#### EXERCISE PROMPT:
Return only the lines of the data below from the line with "pour être fin prêt le moment venu." up to and including the line with "Besuch des Königs", exactly as written, with the pictures omitted.

#### DATA EXCERPTS:

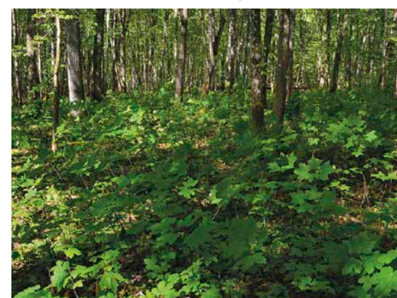
4 Üppige Bergahorn-Naturverjüngung im Naturwaldreservat Dachsbau

ter eine Vielzahl Frühjahrsgeophyten wie Buschwindröschen und Gelbes Windröschen ( Anemone nemorosa , A. ranunculoides ), nachgewiesen werden. Diese beiden Arten sind gemeinsam mit dem Efeu ( Hedera helix ) ausschlaggebend für die hohe Deckung der Krautschicht. Im Durchschnitt wurden 25 Arten je Aufnahme- und Mooschicht hinweg auf 55 Arten. Wald-Labkraut ( Galium sylvaticum ), Schatten-Segge ( Carex umbrosa ), Gold-Hahnenfuß ( Ranunculus auricomus ), Große Sternmiere ( Stellaria holostea ) und die zahlreichen Baumarten wie Hainbuche, Winterlinde, aber auch die Vogelkirsche, die in der Verjüngung beteiligt ist, sprechen pflanzensoziologisch für die Waldgesellschaft des Waldlabkraut-Eichen-Hainbuchenwaldes ( Galio sylvatici-Carpinetum betuli ) (Oberdorfer 1992), der zum Verband der Eichen-Hainbuchenwälder ( Carpinion betuli ) gehört.
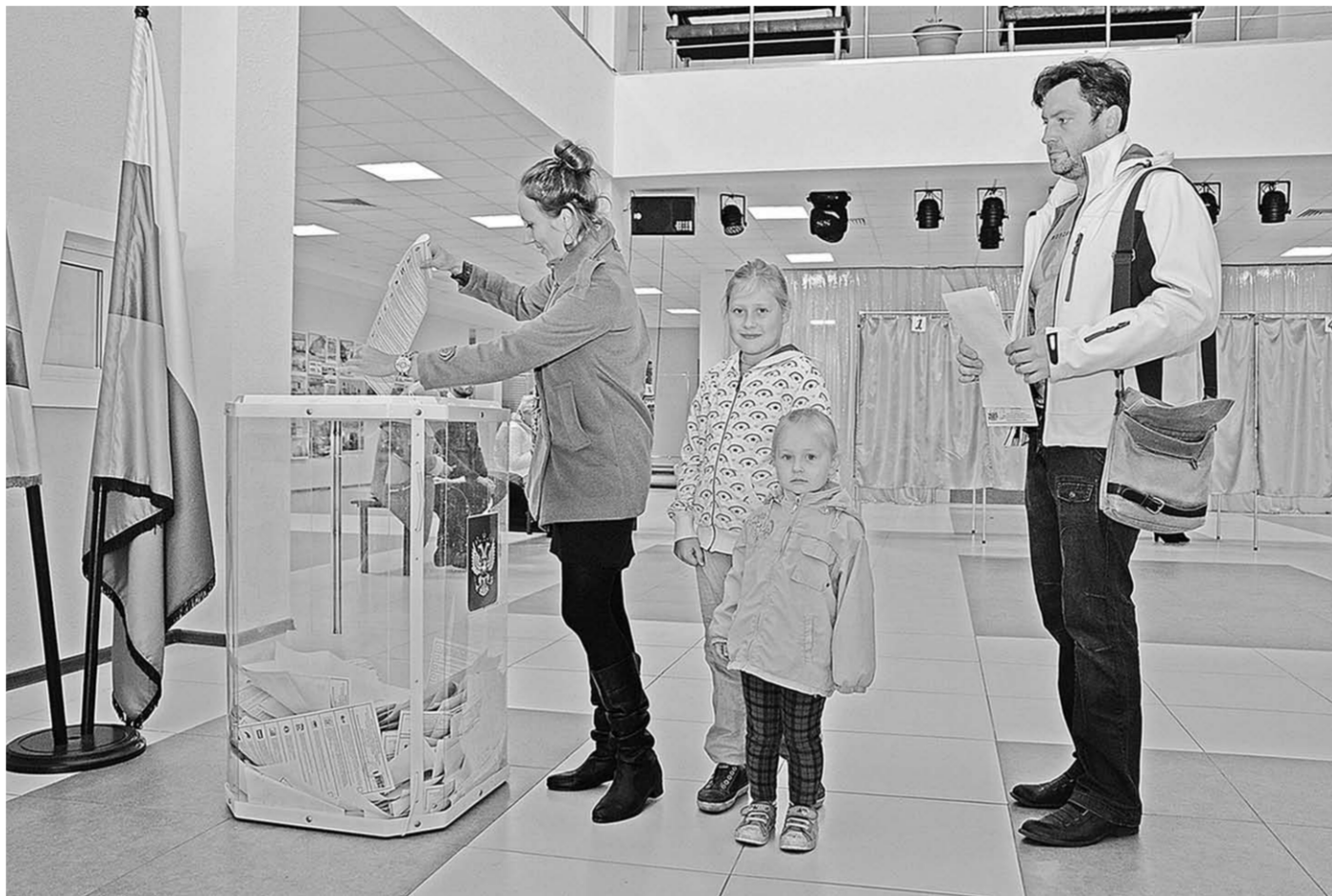
В воскресенье, 18 сентября, жители улиц Ленина, Восьмого марта, Авдеева, Крупской и Юбилейной села Новая Усмьня пришли на избирательный участок № 23/01, чтобы проголосовать за кандидатов в депутаты Государственной думы РФ седьмого созыва. Многие – целыми семьями.
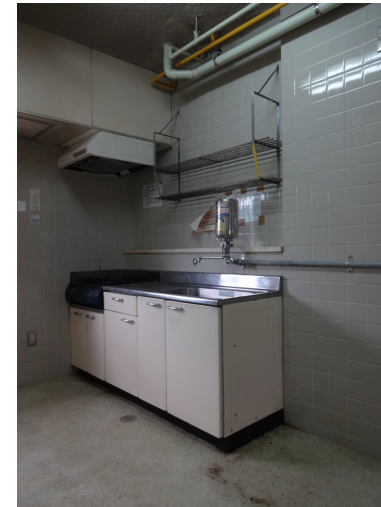
補食室改修前写真
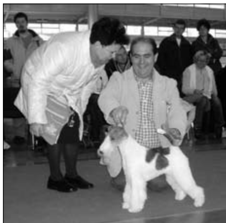
FTD, suka Chelines LA REMUNDIALESKA – V1, CWC/CAC, CACIB, BOB, Svetový víťaz 2006
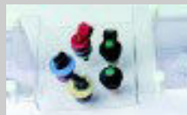
Culla iniettori ingresso dall'alto
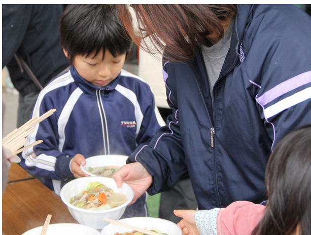
▲ 3月20日 岩沼市民会館でトン汁とおにぎりの振舞い
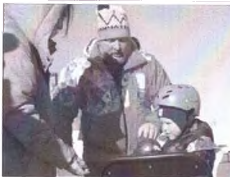
не хочу отдавать мяч Участник заезда
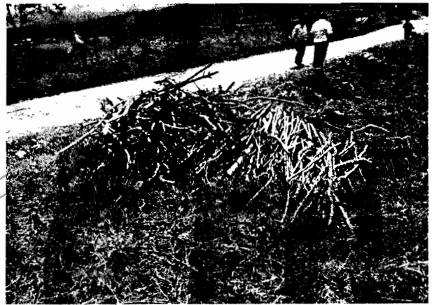
Almacenamiento de en varaderas.
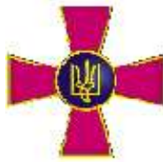
Збройні сили України
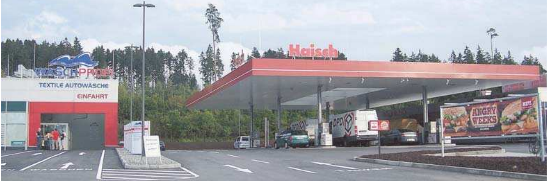
Die neue Tankstelle am Messekreisel gehört zur Haisch-Gruppe und zeigt dies auch deutlich an.

Heute Eröffnung mit Bewirtung und Programm / Tankstelle, Shop, Waschanlage und Burger-King
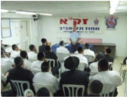
מתנדבי זק"א בסדרת הדרכות מקצועיות

מאת גדולי ישראל ובראשם מרן הגאון הגדול רבי יוסף שלום אלישיב שליט"א. בקשב רב נשמעה עדותו על כל מהלך איסוף וזיהוי הגופות באסון שארע לפני מס' שנים בציר פילדלפי, כאשר תוך סיכון רב סיננו את החול ואספו פיסות פיסות של חלקי גוף ורקמות, ועל פי פסק ההלכה נמשכה העבודה גם לתוך שבת קודש, תוך כדי סיכון נפשות ממש, למול הצלפים הפלסטינים בחאן יונס. קטע נרחב נתן בהרצאתו המאלפת לחשיבות
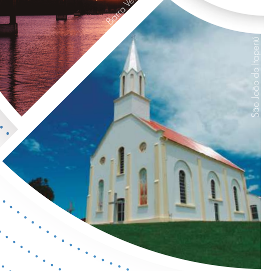
São João do Itaperiú
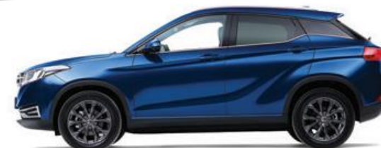
Синий – металлик
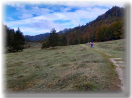
War wirklich kaum was los hier.
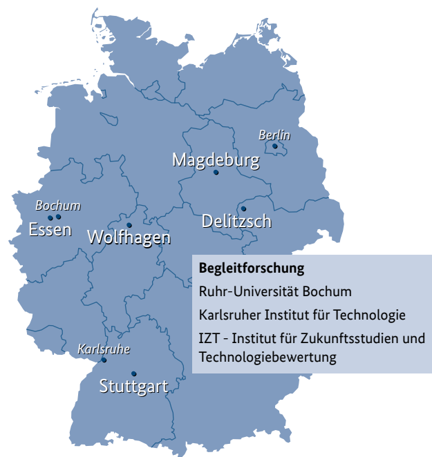
Übersichtsschema der Gewinnerstädte und Begleitforschung des BMBF-Wettbewerbs „Energieeffiziente Stadt“

Wie komplexe Planungsprozesse optimiert werden können, wollen die Wissenschaftlerinnen und Wissenschaftler mit Untersuchungen zur integralen Planungsmethodik herausfinden. Mit dieser Herangehensweise, die in der Regel zur Lösung einer komplexen Aufgabe genutzt wird, soll die energieeffiziente kommunale Entwicklung erleichtert werden. Außerdem erfolgt der Aufbau eines systematischen Planungswerkzeugs. Dazu definieren die Forscherinnen und Forscher die Anforderungen des Planungsprozesses im Kontext der energieeffizienten Stadt und bewerten die Übertragbarkeit von planungsmethodischen Modellen.
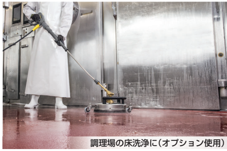
調理場の床洗浄に(オプション使用)
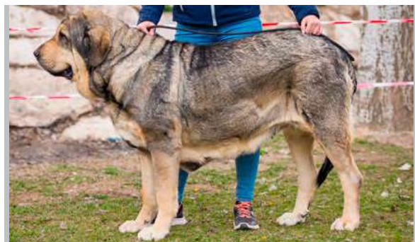
EXC 4° - AFRICA DE GUADARRAMA

3 años. Excelente talla, hueso, estructura y angulaciones, cabeza con buenas proporciones, ojos oscuros, la oreja me gustaría más pequeña y la mordida en tijera muy justa, los párpados me gustaría más pegados, movimiento correcto.
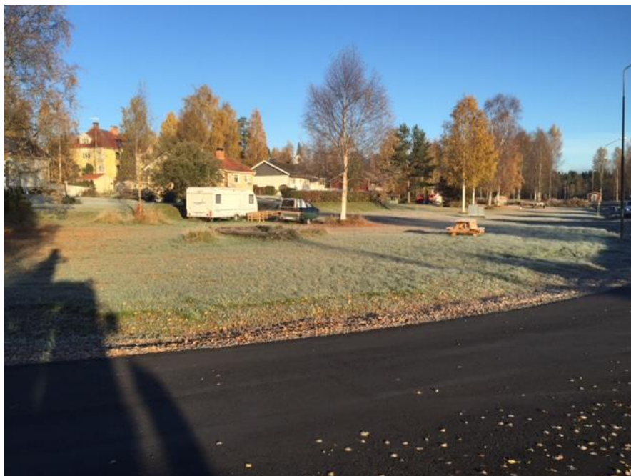
Kort taget i riktning enligt pilen på kartan ovan.
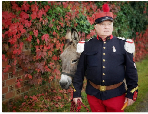
pour être fin prêt le moment venu.
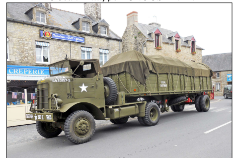
27 MIL-STE-MARIE-DE-MONT (50) Tracteur Fédéral avec une semi-remorque « Fiche 75 ».

Une CP nom reproduite : 17 MIL-ISIGNY-SUR-MER (14) GMC AFKWX 353.
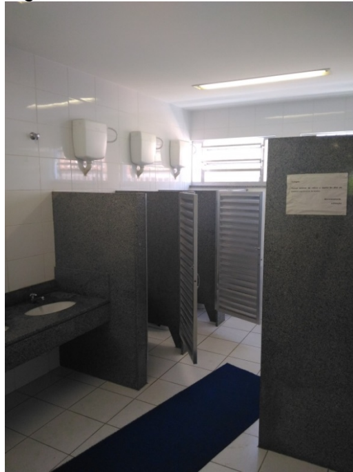
Figura 8 – Banheiro das meninas
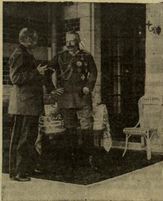
Besuch des Königs von Sachsen im Großen Hauptquartier: Kaiser Wilhelm im Gespräch mit König Friedrich August.

Der Mutter zitterten die Hände vor Aufregung, als sie der Tochter leidenschaftliche Anklage vernommen: „Welch aufrührerischer Geist ist über dich gekommen, Gabriele,“ sagte sie endlich tonlos. „Wenn Vater dich so reden hörte; er würde dich vielleicht für immer ausstoßen aus den Reihen unserer Familie. Du weißt doch, daß wir eine der alteingewachsensten und angesehensten Familien der Residenz sind. Vater hat sogar schon einmal an der Tafel des Herzogs gefessen und der sprach öffentlich seine Anerkennung aus über die treuen, wertvollen Dienste, die die Unseren ihm schon geleistet. Der Herzog freute sich, daß es eine Familie gab in seinem Reich, wo der Beruf des Vaters sich fortpflanzte auf Kinder und Kindeskinde. Und er sprach die Hoffnung aus, daß dieses stolze, pflichtgetreue Juristengeschlecht auch weiterhin nicht aussterbe; daß auch die neuen Nachkömmlinge einst dem Staate und der Rechtswissenschaft ebenso treu dienen wollen wie ihre Vorfahren.“
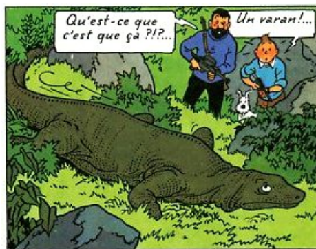
Le varan, ou « Dragon de Komodo » (Tintin, « Vol 714 pour Sidney »)
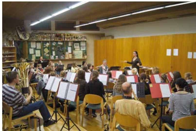
Die Jugendkapelle bei der Probenarbeit in Kematen

#### TASK SOLUTION:
pour être fin prêt le moment venu.
27 MIL-STE-MARIE-DE-MONT (50) Tracteur Fédéral avec une semi-remorque « Fiche 75 ».

Une CP nom reproduite : 17 MIL-ISIGNY-SUR-MER (14) GMC AFKWX 353.
Figura 8 – Banheiro das meninas
Besuch des Königs von Sachsen im Großen Hauptquartier: Kaiser Wilhelm im Gespräch mit König Friedrich August.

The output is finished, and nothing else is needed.